IIRC I tried the 'don't think too much' angle back in 2002. It's about as effective as 'just stop breathing' Coming to that conclusion is growth though. Accepting inevitabilities.

I now delve in over-thinking daily almost as much as I want to. I've begun trying various forms of higher self-awareness, meditations, I guess. The altered state of awareness that marijuana has given me on occasion has helped. That I'm addicted to the stuff doesn't. I'm exploring Buddhism.

My over-thinking has lead me to explore concepts of religion, philosophy. It's resulted in a paradigm-shift. By paradigm-shift I mean that things that I have taken as truth or reality, has shifted. 'I' here is my thought process. It's like I'm a decision-tree, each thought returns true or false, leads to a new pathway for a new thought.
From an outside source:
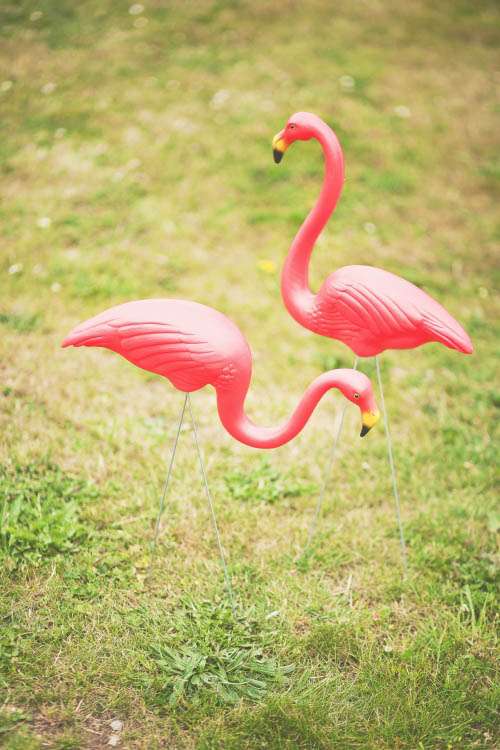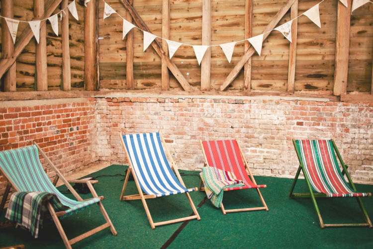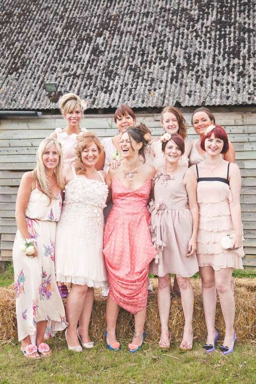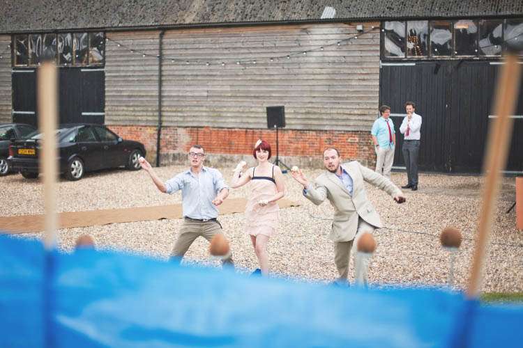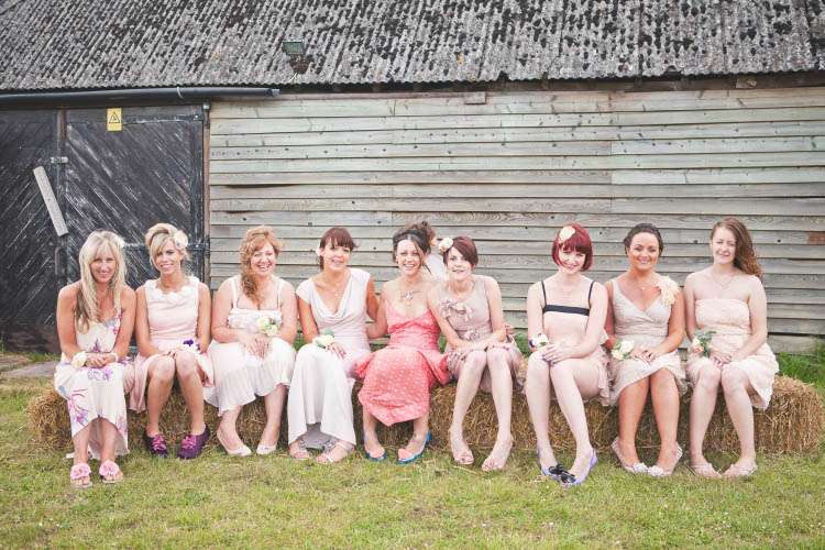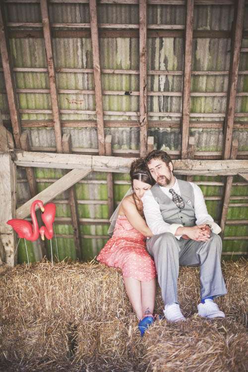“From the pre-ceremony music being a collection of our favourite film scores (How to Tame your Dragon anybody? Ahh just me and Nick then), to the inadvertently weepiest of readings; eight dreamy looking bridesmaids and nine hot groomsmen and our tables being named after ‘Our favourite things’ (inc Midsomer Murders and Arnold ‘The best activities for your health are humping and pumping’ Schwarzenegger – we had no shame!). We had our friend on guitar after dinner, photos in front of an abandoned concrete barn instead of the lake, pink flamingos, a Lulu Guiness corsage bridal ‘bouquet (instead of a traditional bouquet)’, funk and films on in the evening – who doesn’t want to watch Predator in a deckchair under a blanket with a Pimms on the go? Then at the end of the night we stole a taxi, ate cake and I got to take my spanx off. Rock n Roll!”

So it's like changing a switch high up on the decision tree, the paradigm shift. It's trying to reset, or create aknew, everything that I knew under the old paradigm, and fitting into the new one.

Oh yeah I recently read stuff supporting my idea that pesticides promote mental illness. A few studies working with farmers. Other things just ideas of exactly how specific pesticides interact with the body to possibly create the altered function that leads to depression and anxiety, things that are testable. Not that this is particularly useful right now.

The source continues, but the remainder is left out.